The benefits of globalization are especially visible in Germany’s e-commerce market, but most international consumers prefer to use British online shops to ones in Germany, the data show. Only 10.4% of international consumers purchase goods and services from German online merchants, while 53.6% prefer to shop in United Kingdom-based shops.

Germany’s e-commerce market does continue to grow, but “it is small in comparison to that of the country’s competitors because most German online shops only address German-speaking customers,” Jens Mahlke, Deutsche Card Services senior manager, tells PaymentsSource.

As such, the addition of multiple languages to Germany’s online shops “is the first step to remove this hurdle and target international customers,” Mahlke says.

Once the language barrier is removed, online merchants should then use a reliable security platform to increase sales without “accepting the higher risk potentially involved in international trade,” he adds.

Germany’s e-commerce market has the potential to grow, but language is definitely a barrier, Enrico Camerinelli, a senior analyst with Boston-based Aite Group LLC, tells PaymentsSource. “English is the most-common language used, However, some consumers my not be comfortable using English” when making purchases or speaking with the merchant or customer service, he adds.
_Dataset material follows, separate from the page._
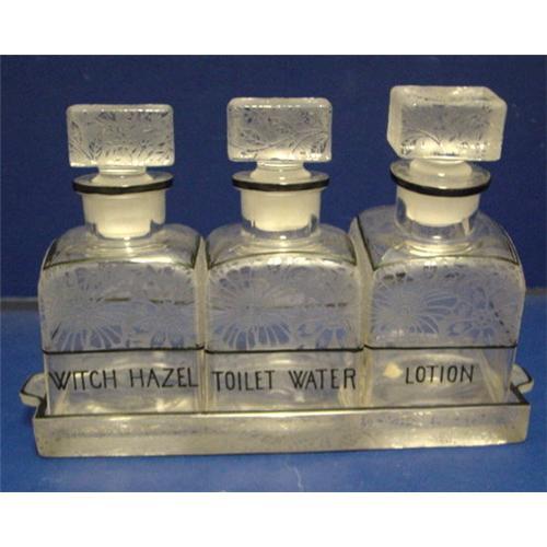 This Gorgeous set consists of 3 Bottles and a matching tray. The Bottles are divided in two, the top has a beautiful flower etched designs with black rim, and the bottom has the words WITCH HAZEL - TOILET WATER - LOTION, these words are in black enamel. The Tray and the Stoppers have the same pattern as the bottles. There is 4 pieces in all, 3 bottles and 1 tray.

 Aside from overcoming language barriers, Germany and other countries in Europe also should ensure their platforms are “SEPA compliant so international consumers may make purchases without paying extra foreign-fee charges,” Camerinelli contends.

SEPA, or Single Euro Payments Area, is an initiative the European banking industry launched in 2002 to link European Union and other euro-based countries’ separate national payment systems into a standardized debit system used for cross-border transactions.